I was wondering…how many Americans just heard what I heard? And how many American also thought, like I, that maybe I was just dreaming it had happened?

Sort of like, when your listening to your favorite radio talk show hosts, and he is going to say something very damming about the government and then the signal goes……zzzzzzzz

And you’re turning the dial, looking for it.

Now, I am not dreaming about that. I’ve hopped out of two many bathtubs as proof.

Nobody Cares: On “The Soup,” a comedy program which makes fun of stupid TV programs, the main host, Joel McHale, did a satire where he made fun of Tyra Banks, who was squeezing her butt-checks on camera, and giving out garbage bags to her audience.

Honest.

Joel then held up a rope…a noose, and suggested she give those away.

Yes, a noose was shown as a joke about a black entertainment hostess on TV…and it was not on our nightly news.

Care to guess why? Confused?

Nobody Wins: Huckabee is out jogging and playing the bass whenever he can get a chance. Huckabee’s every other sentence is a joke. In fact, he is telling so many jokes that now he has caused the American people a much un-needed headache ---John McCain is starting to tell jokes.

Listening to John McCain tell a joke, is much like experiencing a root canal getting infected.

No wonder Bill Clinton is so tired, he’s running three campaigns.

Nobody’s Fool; I’m getting a big kick out of all the “news analysis” people trying to interpret every burp and misinformation that comes out of Bill Clinton’s mouth. Last week, when he said that a race between Hillary and McCain would be such a civil election that everyone would fall asleep…everyone rushed to the conclusion that Bill actually did NOT want McCain to run against Hillary Clinton because everyone knows John McCain would beat her.

Ha-ha!
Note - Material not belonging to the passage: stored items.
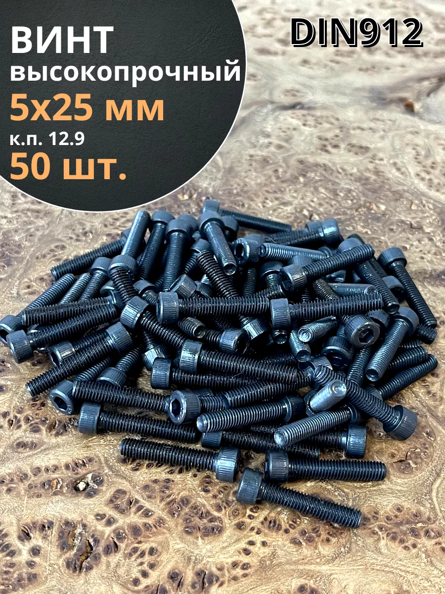 Винт высокопрочный ПР М5х25 мм к.п.12.9 черный DIN912, 50 шт.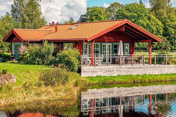 Neben dem eigenen Haus gibt es einen beeindruckenden Schaugarten und dieses wunderschöne Ferienhaus, das von malerischen Wiesen mit grasenden Kühen und Wald umgeben ist. Von der Holzterrasse des Hauses, die zu Ihrem Lieblingsplatz werden könnte, können Sie auf Ihren eigenen Teich blicken - oder entspannt auf ihm rudern.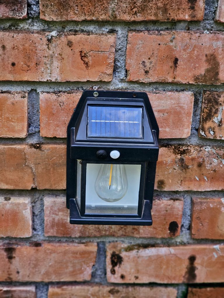 Alternative Text: A small solar-powered wall light is fixed on a red brick wall. The black frame and glass bulb stand out clearly. Taken in Perumanna, Kozhikode, Kerala.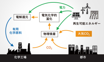 大気中に放散された希薄なCO2を物理/化学的手法にて回収・富化し、再生可能エネルギーを駆動力とする 電気化学プロセスにより還元資源化する統合システムを開発します。 大気中の CO2を対象とし、電気化学プロセスの特長を活かして小規模分散配置が可能なフレキシブルかつスケーラブルなシステムを確立します。

Bill the master of disaster wins again! Of course he wants a McCain-Hillary ticket. Hillary would win because conservatives would stay home!

His plan is to confuse and obfuscate the public so much, nobody knows what he is up to!

But---what else could be better for Hillary? First…his suggestion gets rid of Obama, and second, if you are a conservative, and you think Bill Clinton doesn’t like McCain, you might just go out and vote for McCain just to spite him, which is exactly what Bill wants you to do. The only difference between McCain and Hillary is the war, but in fact, if we were attacked again, they would become the same hound dog.

They both look nuclear capable at a moment’s glance.

Nope, Bill knows if McCain is the contender, the Republican Party is destroyed.

Confused? Well, as McCain would say…get used to it, “my friend.”